**GIVEN MATERIAL**.
----------------------------------------

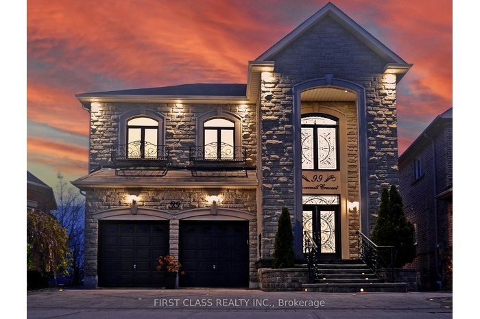 Rarely Available Premium Pie-Shaped Ravine Lot in Prestigious Upper Thornhill Estates!Experience executive luxury living in this stunning residence offering approx. 3,730 sq.ft. plus 1,336 sq.ft. of finished walk-out basement with a customized floor plan. Grand open-to-above foyer, 10' ceilings on main, smooth ceilings throughout, pot lights, oversized windows, 8' upgraded doors, crown moldings, custom frames, arches & columns. Elegant stone exterior with precast arches and fascia, oak staircase with custom metal railings, and engineered hardwood floors on main & second levels. Freshly painted interior. Sun-filled south-facing family and breakfast rooms with fireplace. Custom gourmet kitchen featuring granite countertops, backsplash, built-in stainless steel appliances, and walk-out to deck overlooking the ravine. Four ensuite bedrooms with custom closet organizers, including a spa-inspired primary retreat with his & hers walk-in closets. Finished walk-out basement offers a large recreation area, wet bar, sauna, steam shower, and direct access to the professionally landscaped backyard oasis with exterior lighting, automatic sprinkler system, and upgraded garage doors. Prime location - walk to parks, trails, shops, and top-ranked schools!
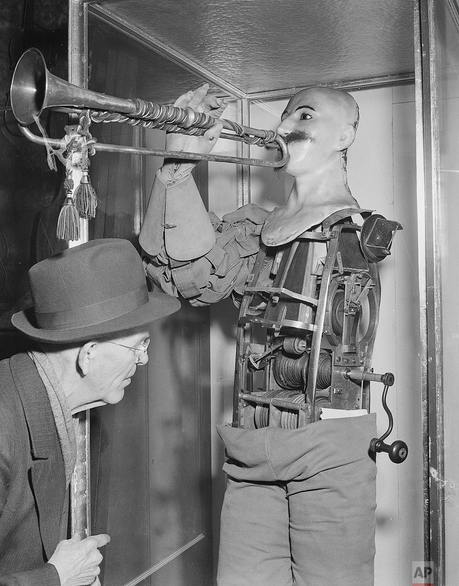 In this April 30, 1950 file photo, a man inspects what is said to be the first robot in history on display in the Deutsches Museum in Munich. The "soldier," which has an automatic bellows that blows a trumpet, was made in 1810 by Friedrich Kauffman of Dresden, Germany (AP Photo/Heinrich Sanden)
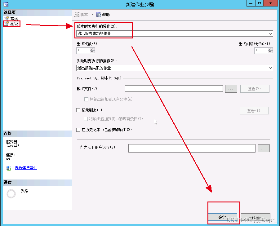 - “成功時要執行的操作”需要選擇“退出報告成功的作業”,否則新建作業會報錯。

----------------------------------------

**EXERCISE AIM**. Make an exact copy of the whole listing, but don't bring over any pictures.

**YOUR RESPONSE**.
 Rarely Available Premium Pie-Shaped Ravine Lot in Prestigious Upper Thornhill Estates!Experience executive luxury living in this stunning residence offering approx. 3,730 sq.ft. plus 1,336 sq.ft. of finished walk-out basement with a customized floor plan. Grand open-to-above foyer, 10' ceilings on main, smooth ceilings throughout, pot lights, oversized windows, 8' upgraded doors, crown moldings, custom frames, arches & columns. Elegant stone exterior with precast arches and fascia, oak staircase with custom metal railings, and engineered hardwood floors on main & second levels. Freshly painted interior. Sun-filled south-facing family and breakfast rooms with fireplace. Custom gourmet kitchen featuring granite countertops, backsplash, built-in stainless steel appliances, and walk-out to deck overlooking the ravine. Four ensuite bedrooms with custom closet organizers, including a spa-inspired primary retreat with his & hers walk-in closets. Finished walk-out basement offers a large recreation area, wet bar, sauna, steam shower, and direct access to the professionally landscaped backyard oasis with exterior lighting, automatic sprinkler system, and upgraded garage doors. Prime location - walk to parks, trails, shops, and top-ranked schools!
 In this April 30, 1950 file photo, a man inspects what is said to be the first robot in history on display in the Deutsches Museum in Munich. The "soldier," which has an automatic bellows that blows a trumpet, was made in 1810 by Friedrich Kauffman of Dresden, Germany (AP Photo/Heinrich Sanden)
 - “成功時要執行的操作”需要選擇“退出報告成功的作業”,否則新建作業會報錯。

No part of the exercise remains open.